Supplied material:

# # #

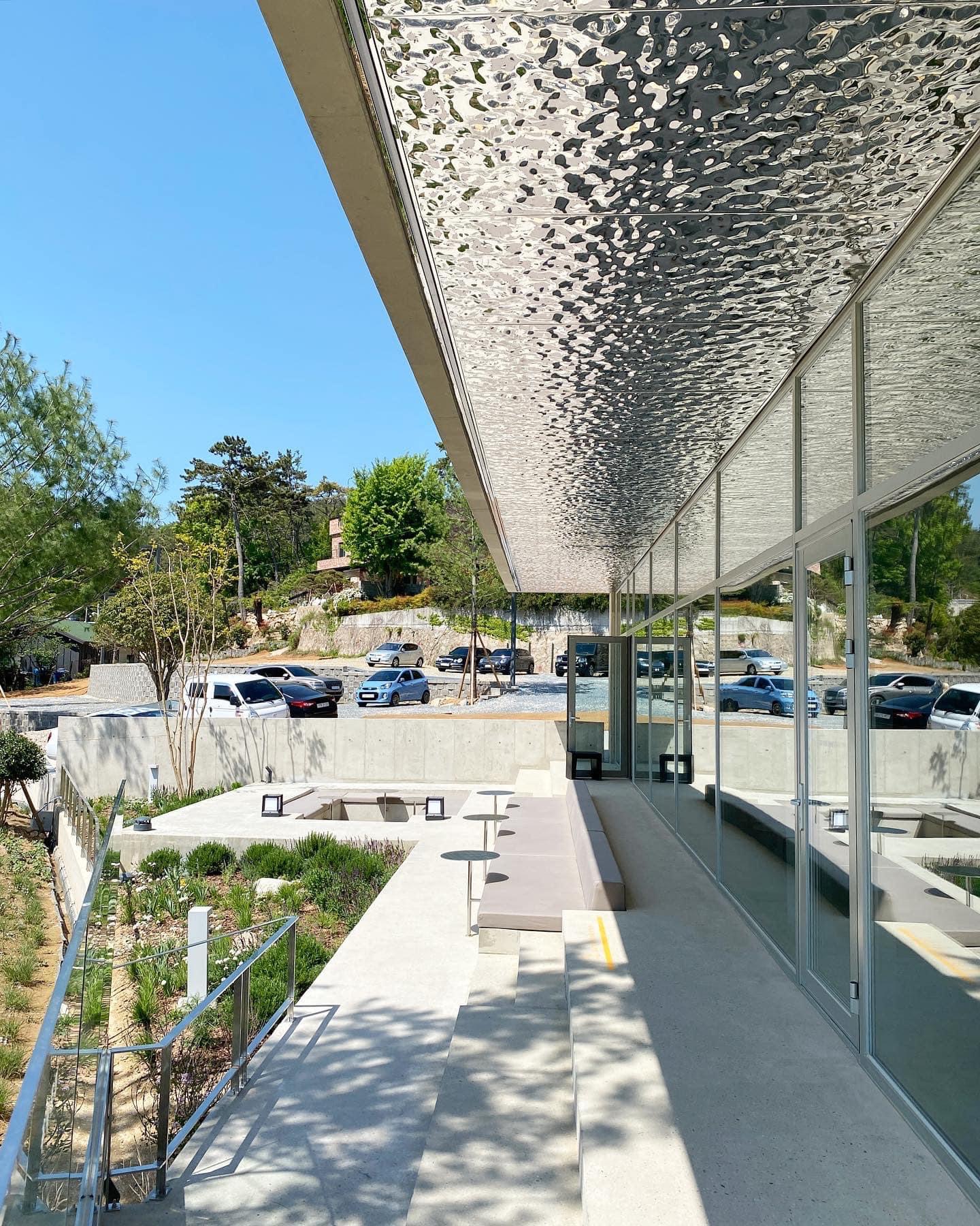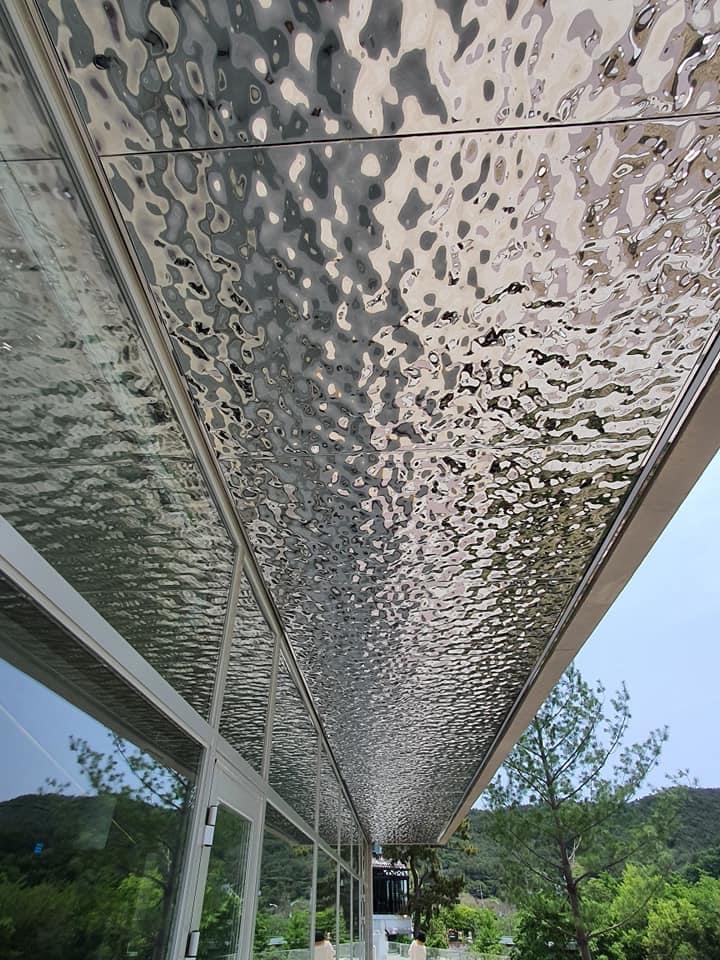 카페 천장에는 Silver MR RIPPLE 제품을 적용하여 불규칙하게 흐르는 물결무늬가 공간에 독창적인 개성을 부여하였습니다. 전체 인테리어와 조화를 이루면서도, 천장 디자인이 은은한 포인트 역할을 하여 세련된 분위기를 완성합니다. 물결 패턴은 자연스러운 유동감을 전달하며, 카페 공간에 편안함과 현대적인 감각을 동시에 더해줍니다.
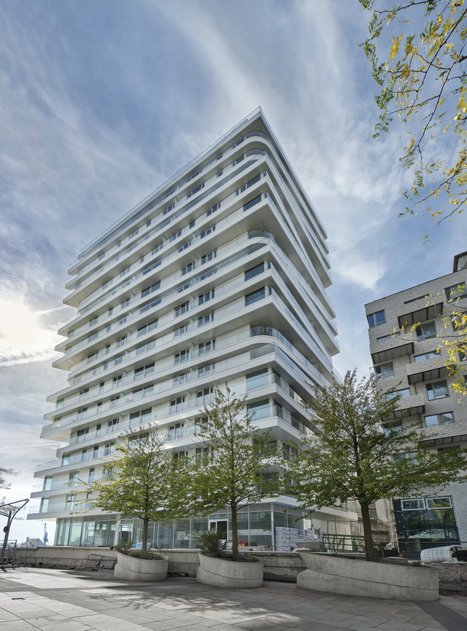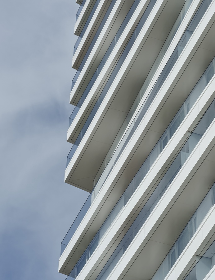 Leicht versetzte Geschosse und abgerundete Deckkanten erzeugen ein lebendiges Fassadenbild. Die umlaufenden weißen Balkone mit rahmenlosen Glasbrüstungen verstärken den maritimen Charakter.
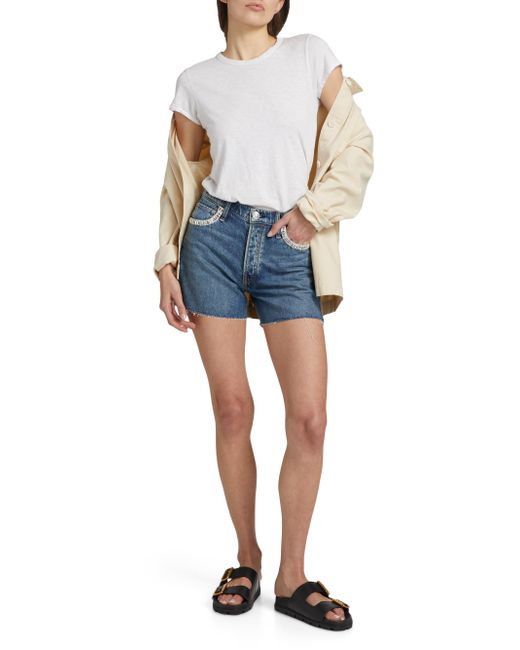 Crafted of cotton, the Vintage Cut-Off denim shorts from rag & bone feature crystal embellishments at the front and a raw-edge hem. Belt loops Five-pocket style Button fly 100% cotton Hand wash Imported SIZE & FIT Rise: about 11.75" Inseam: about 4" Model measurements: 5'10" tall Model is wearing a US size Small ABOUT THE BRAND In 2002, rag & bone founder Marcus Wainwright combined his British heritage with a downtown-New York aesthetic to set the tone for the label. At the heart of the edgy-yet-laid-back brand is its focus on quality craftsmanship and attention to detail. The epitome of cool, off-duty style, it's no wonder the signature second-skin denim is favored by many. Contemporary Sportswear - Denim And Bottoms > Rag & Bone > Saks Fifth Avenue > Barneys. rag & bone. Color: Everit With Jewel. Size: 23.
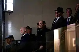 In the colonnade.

# # #

Exercise:
Output the material word for word, and keep the pictures out.

Written answer:
 카페 천장에는 Silver MR RIPPLE 제품을 적용하여 불규칙하게 흐르는 물결무늬가 공간에 독창적인 개성을 부여하였습니다. 전체 인테리어와 조화를 이루면서도, 천장 디자인이 은은한 포인트 역할을 하여 세련된 분위기를 완성합니다. 물결 패턴은 자연스러운 유동감을 전달하며, 카페 공간에 편안함과 현대적인 감각을 동시에 더해줍니다.
 Leicht versetzte Geschosse und abgerundete Deckkanten erzeugen ein lebendiges Fassadenbild. Die umlaufenden weißen Balkone mit rahmenlosen Glasbrüstungen verstärken den maritimen Charakter.
 Crafted of cotton, the Vintage Cut-Off denim shorts from rag & bone feature crystal embellishments at the front and a raw-edge hem. Belt loops Five-pocket style Button fly 100% cotton Hand wash Imported SIZE & FIT Rise: about 11.75" Inseam: about 4" Model measurements: 5'10" tall Model is wearing a US size Small ABOUT THE BRAND In 2002, rag & bone founder Marcus Wainwright combined his British heritage with a downtown-New York aesthetic to set the tone for the label. At the heart of the edgy-yet-laid-back brand is its focus on quality craftsmanship and attention to detail. The epitome of cool, off-duty style, it's no wonder the signature second-skin denim is favored by many. Contemporary Sportswear - Denim And Bottoms > Rag & Bone > Saks Fifth Avenue > Barneys. rag & bone. Color: Everit With Jewel. Size: 23.
 In the colonnade.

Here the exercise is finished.